* _Aim of the exercise_
Nothing but the pictures should be dropped; repeat the rest of the data below exactly.

* _Dataset extract_
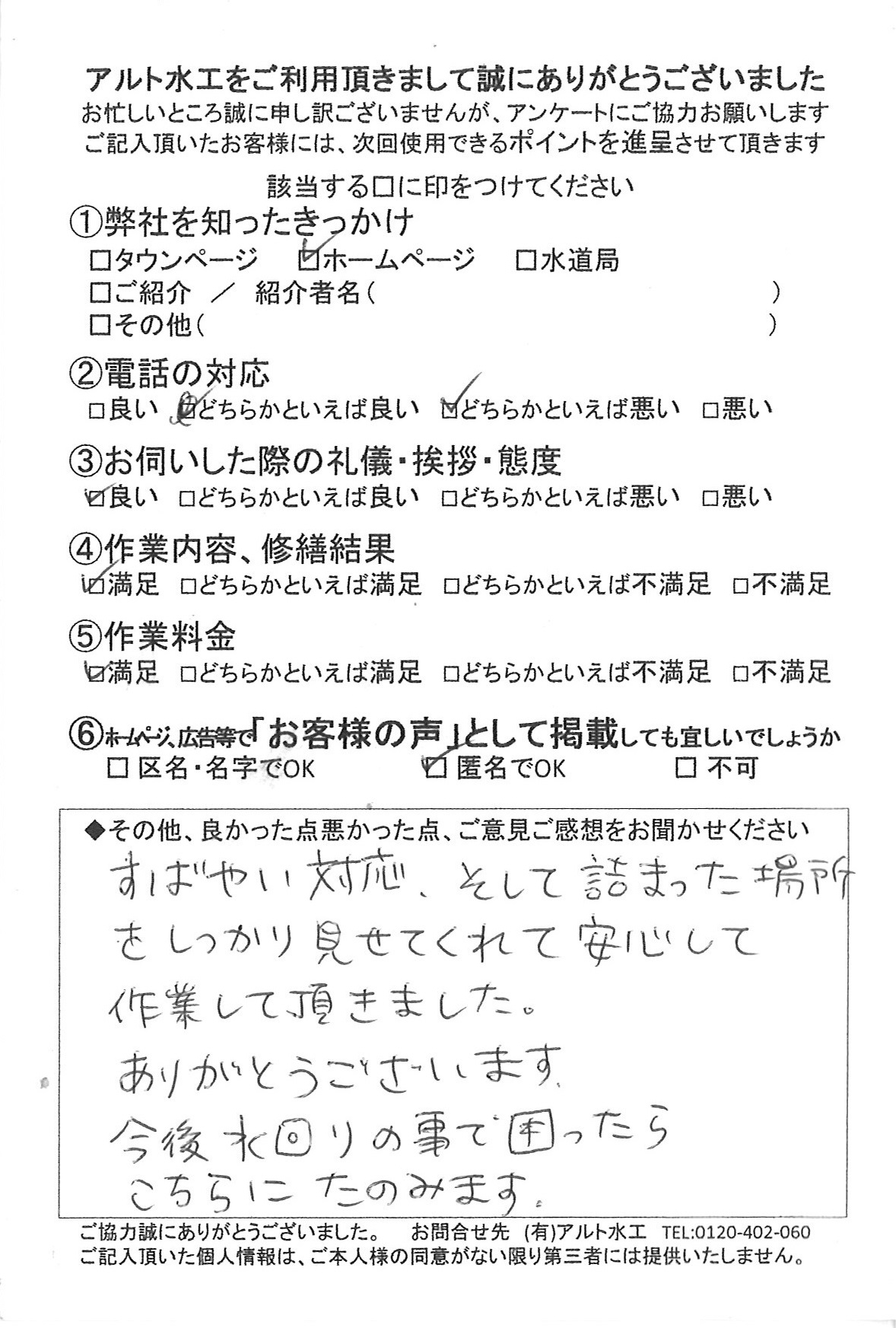 | 北九州市八幡東区 お客様の声 (水漏れ修理)
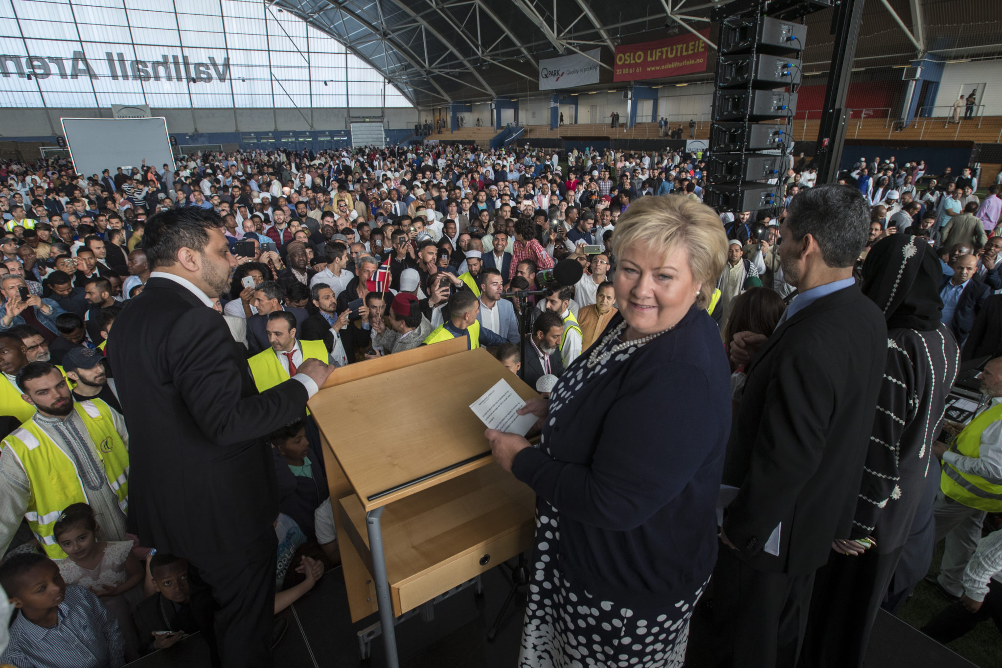 Statsminister Erna Solberg (H) besøker en kjønnsdelt forsamling bestående av Islamic Cultural Centre (ICC) og Det islamske forbundet (Rabita) i forbindelse med feiringen av id den 25. juni 2017. Foto: Vidar Ruud / NTB scanpix.
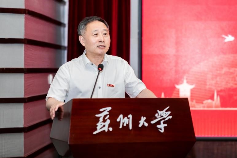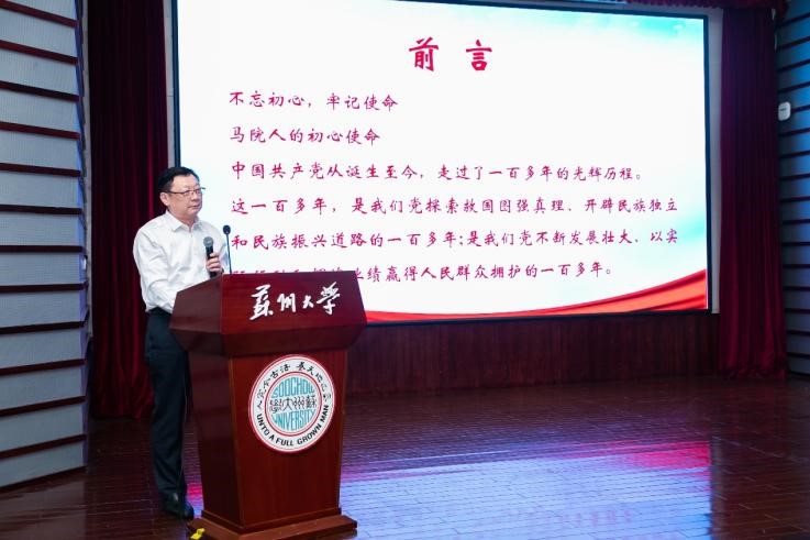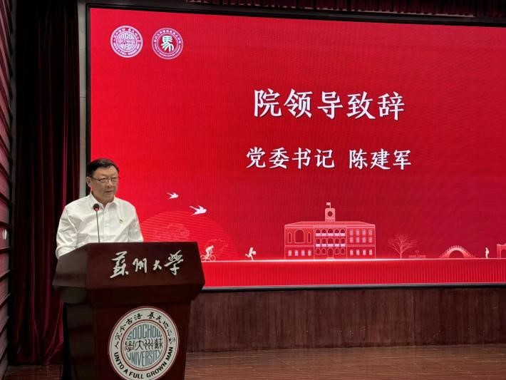 陈建军为学院全体毕业生党员讲授《立德树人 续写华章》主题教育党课,与毕业生一同回顾党的历史,再次深入理解党的宗旨,并提出对毕业生在今后的工作生活中践行党的初心使命,实现青春梦想的殷切期望。

* _Written answer_
 | 北九州市八幡東区 お客様の声 (水漏れ修理)
 Statsminister Erna Solberg (H) besøker en kjønnsdelt forsamling bestående av Islamic Cultural Centre (ICC) og Det islamske forbundet (Rabita) i forbindelse med feiringen av id den 25. juni 2017. Foto: Vidar Ruud / NTB scanpix.
 陈建军为学院全体毕业生党员讲授《立德树人 续写华章》主题教育党课,与毕业生一同回顾党的历史,再次深入理解党的宗旨,并提出对毕业生在今后的工作生活中践行党的初心使命,实现青春梦想的殷切期望。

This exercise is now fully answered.